DIRECTIONS:
Reproduce, word for word, all of the records; the pictures stay out.

EXERCISE MATERIAL:
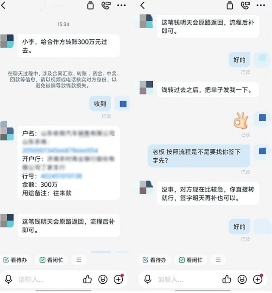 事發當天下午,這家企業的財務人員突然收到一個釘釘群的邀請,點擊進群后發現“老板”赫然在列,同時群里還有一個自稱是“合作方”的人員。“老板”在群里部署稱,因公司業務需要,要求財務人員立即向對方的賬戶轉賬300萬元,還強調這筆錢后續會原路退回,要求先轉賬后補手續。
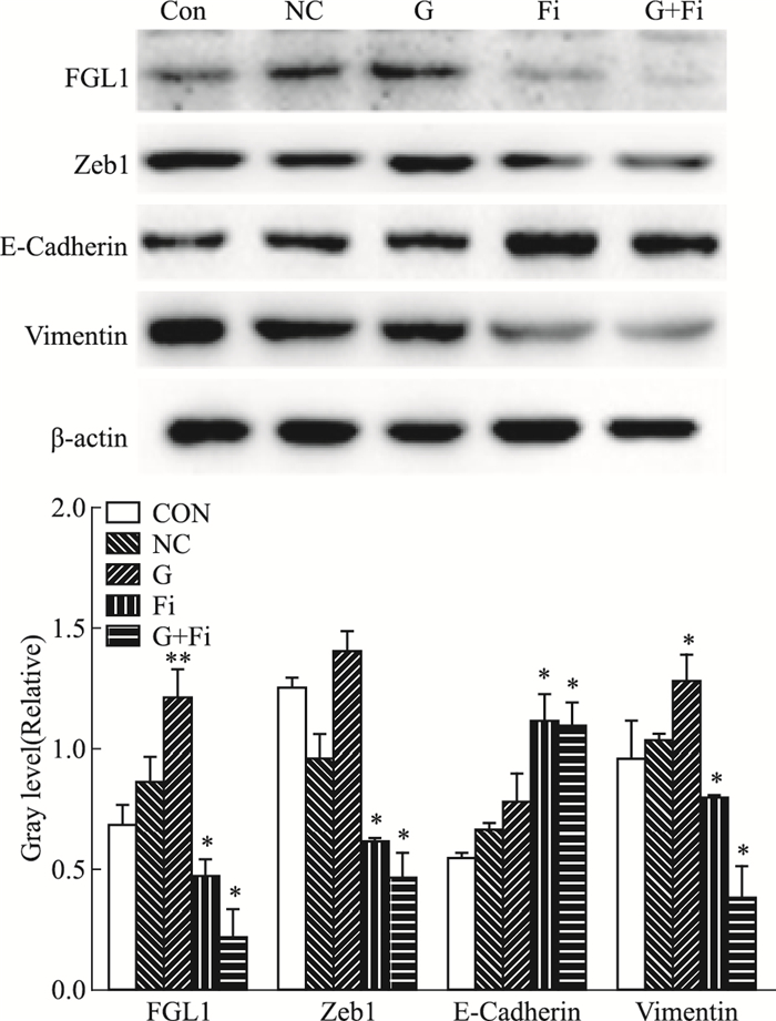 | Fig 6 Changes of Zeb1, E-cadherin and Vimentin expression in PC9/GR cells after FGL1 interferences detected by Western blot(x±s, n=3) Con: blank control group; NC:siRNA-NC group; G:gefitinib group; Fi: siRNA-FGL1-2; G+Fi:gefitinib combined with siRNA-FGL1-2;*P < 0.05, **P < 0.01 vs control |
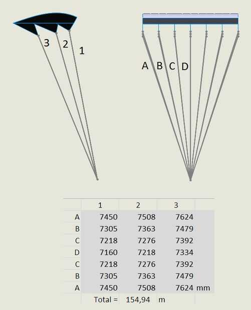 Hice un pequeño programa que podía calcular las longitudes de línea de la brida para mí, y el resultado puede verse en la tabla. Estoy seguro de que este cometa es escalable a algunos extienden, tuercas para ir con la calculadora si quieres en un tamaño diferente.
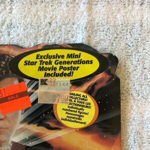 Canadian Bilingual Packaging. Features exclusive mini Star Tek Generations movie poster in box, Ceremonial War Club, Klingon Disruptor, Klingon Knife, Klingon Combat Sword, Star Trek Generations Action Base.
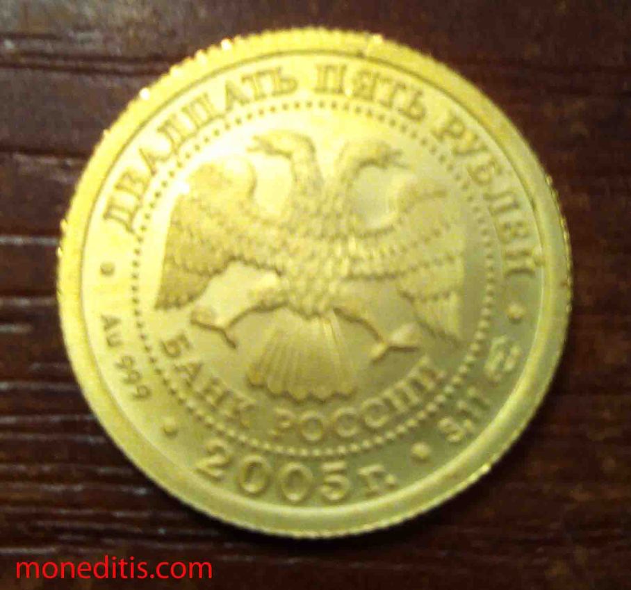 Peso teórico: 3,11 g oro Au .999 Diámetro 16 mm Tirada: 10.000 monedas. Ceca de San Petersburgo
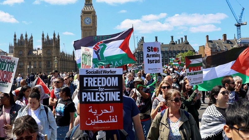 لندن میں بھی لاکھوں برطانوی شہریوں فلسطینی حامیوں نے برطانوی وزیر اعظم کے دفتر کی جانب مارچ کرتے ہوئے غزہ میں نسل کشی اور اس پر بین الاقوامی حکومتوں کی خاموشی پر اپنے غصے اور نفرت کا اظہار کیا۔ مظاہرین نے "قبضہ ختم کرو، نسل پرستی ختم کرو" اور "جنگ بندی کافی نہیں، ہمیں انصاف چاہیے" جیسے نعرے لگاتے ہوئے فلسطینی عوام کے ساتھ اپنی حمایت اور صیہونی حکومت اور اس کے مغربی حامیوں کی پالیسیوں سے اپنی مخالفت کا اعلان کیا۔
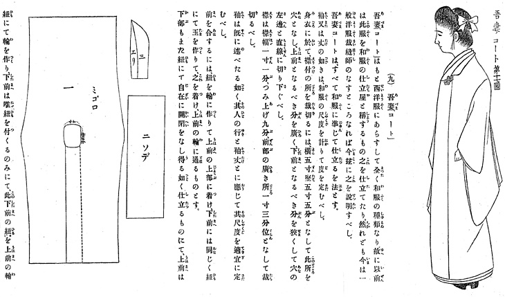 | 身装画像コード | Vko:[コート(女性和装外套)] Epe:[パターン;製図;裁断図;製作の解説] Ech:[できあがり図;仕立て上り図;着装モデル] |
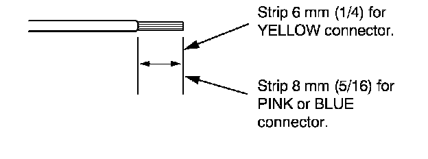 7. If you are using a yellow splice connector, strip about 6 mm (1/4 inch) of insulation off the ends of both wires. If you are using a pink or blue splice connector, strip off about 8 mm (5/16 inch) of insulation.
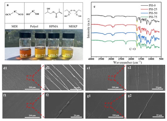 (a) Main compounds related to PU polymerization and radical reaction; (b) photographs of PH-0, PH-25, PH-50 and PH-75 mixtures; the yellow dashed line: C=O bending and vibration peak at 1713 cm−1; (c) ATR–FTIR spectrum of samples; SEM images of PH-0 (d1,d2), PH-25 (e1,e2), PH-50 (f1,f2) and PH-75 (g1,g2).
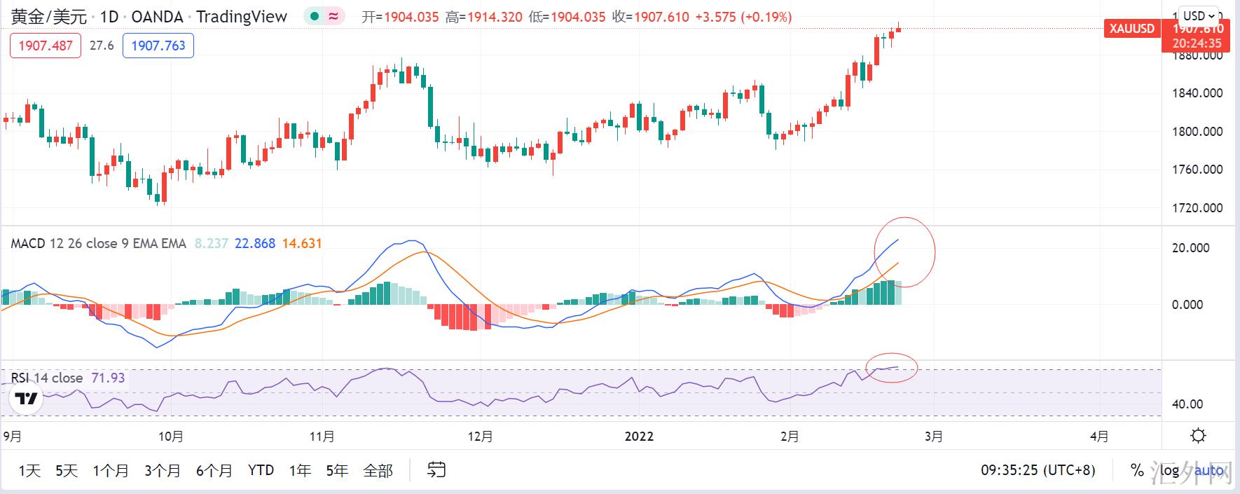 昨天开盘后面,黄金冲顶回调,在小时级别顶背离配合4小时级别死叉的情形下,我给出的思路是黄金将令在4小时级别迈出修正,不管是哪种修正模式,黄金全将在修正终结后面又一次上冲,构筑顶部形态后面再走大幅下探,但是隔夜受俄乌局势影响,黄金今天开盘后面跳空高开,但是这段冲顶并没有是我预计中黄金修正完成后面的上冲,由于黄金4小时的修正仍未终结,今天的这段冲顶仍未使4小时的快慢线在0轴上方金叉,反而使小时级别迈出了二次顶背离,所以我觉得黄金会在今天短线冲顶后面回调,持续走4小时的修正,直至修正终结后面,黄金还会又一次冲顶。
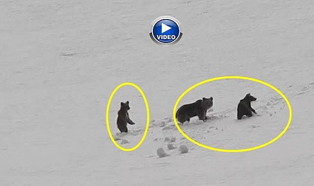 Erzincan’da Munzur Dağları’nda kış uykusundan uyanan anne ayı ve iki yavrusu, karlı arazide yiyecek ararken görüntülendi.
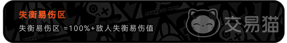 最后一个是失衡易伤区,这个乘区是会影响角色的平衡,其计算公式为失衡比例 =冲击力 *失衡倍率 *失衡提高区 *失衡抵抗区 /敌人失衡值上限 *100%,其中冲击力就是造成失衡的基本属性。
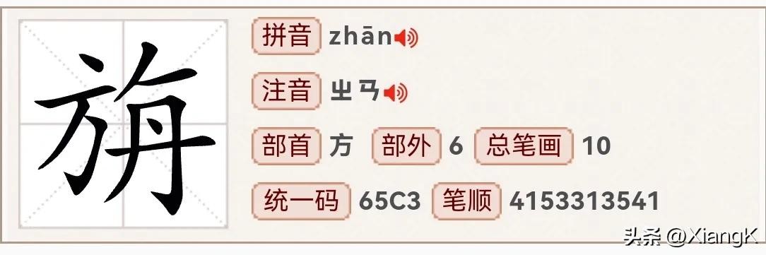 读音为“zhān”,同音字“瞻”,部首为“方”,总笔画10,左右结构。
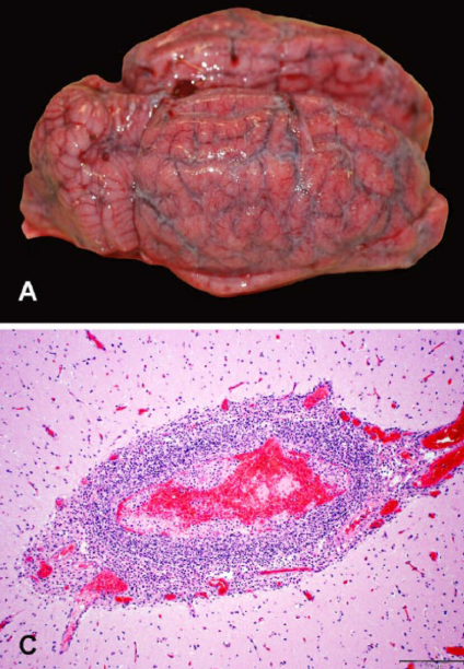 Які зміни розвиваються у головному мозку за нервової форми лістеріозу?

ANSWER TO THIS TASK:
 事發當天下午,這家企業的財務人員突然收到一個釘釘群的邀請,點擊進群后發現“老板”赫然在列,同時群里還有一個自稱是“合作方”的人員。“老板”在群里部署稱,因公司業務需要,要求財務人員立即向對方的賬戶轉賬300萬元,還強調這筆錢后續會原路退回,要求先轉賬后補手續。
 | Fig 6 Changes of Zeb1, E-cadherin and Vimentin expression in PC9/GR cells after FGL1 interferences detected by Western blot(x±s, n=3) Con: blank control group; NC:siRNA-NC group; G:gefitinib group; Fi: siRNA-FGL1-2; G+Fi:gefitinib combined with siRNA-FGL1-2;*P < 0.05, **P < 0.01 vs control |
 Hice un pequeño programa que podía calcular las longitudes de línea de la brida para mí, y el resultado puede verse en la tabla. Estoy seguro de que este cometa es escalable a algunos extienden, tuercas para ir con la calculadora si quieres en un tamaño diferente.
 Canadian Bilingual Packaging. Features exclusive mini Star Tek Generations movie poster in box, Ceremonial War Club, Klingon Disruptor, Klingon Knife, Klingon Combat Sword, Star Trek Generations Action Base.
 Peso teórico: 3,11 g oro Au .999 Diámetro 16 mm Tirada: 10.000 monedas. Ceca de San Petersburgo
 لندن میں بھی لاکھوں برطانوی شہریوں فلسطینی حامیوں نے برطانوی وزیر اعظم کے دفتر کی جانب مارچ کرتے ہوئے غزہ میں نسل کشی اور اس پر بین الاقوامی حکومتوں کی خاموشی پر اپنے غصے اور نفرت کا اظہار کیا۔ مظاہرین نے "قبضہ ختم کرو، نسل پرستی ختم کرو" اور "جنگ بندی کافی نہیں، ہمیں انصاف چاہیے" جیسے نعرے لگاتے ہوئے فلسطینی عوام کے ساتھ اپنی حمایت اور صیہونی حکومت اور اس کے مغربی حامیوں کی پالیسیوں سے اپنی مخالفت کا اعلان کیا۔
 | 身装画像コード | Vko:[コート(女性和装外套)] Epe:[パターン;製図;裁断図;製作の解説] Ech:[できあがり図;仕立て上り図;着装モデル] |
 7. If you are using a yellow splice connector, strip about 6 mm (1/4 inch) of insulation off the ends of both wires. If you are using a pink or blue splice connector, strip off about 8 mm (5/16 inch) of insulation.
 (a) Main compounds related to PU polymerization and radical reaction; (b) photographs of PH-0, PH-25, PH-50 and PH-75 mixtures; the yellow dashed line: C=O bending and vibration peak at 1713 cm−1; (c) ATR–FTIR spectrum of samples; SEM images of PH-0 (d1,d2), PH-25 (e1,e2), PH-50 (f1,f2) and PH-75 (g1,g2).
 昨天开盘后面,黄金冲顶回调,在小时级别顶背离配合4小时级别死叉的情形下,我给出的思路是黄金将令在4小时级别迈出修正,不管是哪种修正模式,黄金全将在修正终结后面又一次上冲,构筑顶部形态后面再走大幅下探,但是隔夜受俄乌局势影响,黄金今天开盘后面跳空高开,但是这段冲顶并没有是我预计中黄金修正完成后面的上冲,由于黄金4小时的修正仍未终结,今天的这段冲顶仍未使4小时的快慢线在0轴上方金叉,反而使小时级别迈出了二次顶背离,所以我觉得黄金会在今天短线冲顶后面回调,持续走4小时的修正,直至修正终结后面,黄金还会又一次冲顶。
 Erzincan’da Munzur Dağları’nda kış uykusundan uyanan anne ayı ve iki yavrusu, karlı arazide yiyecek ararken görüntülendi.
 最后一个是失衡易伤区,这个乘区是会影响角色的平衡,其计算公式为失衡比例 =冲击力 *失衡倍率 *失衡提高区 *失衡抵抗区 /敌人失衡值上限 *100%,其中冲击力就是造成失衡的基本属性。
 读音为“zhān”,同音字“瞻”,部首为“方”,总笔画10,左右结构。
 Які зміни розвиваються у головному мозку за нервової форми лістеріозу?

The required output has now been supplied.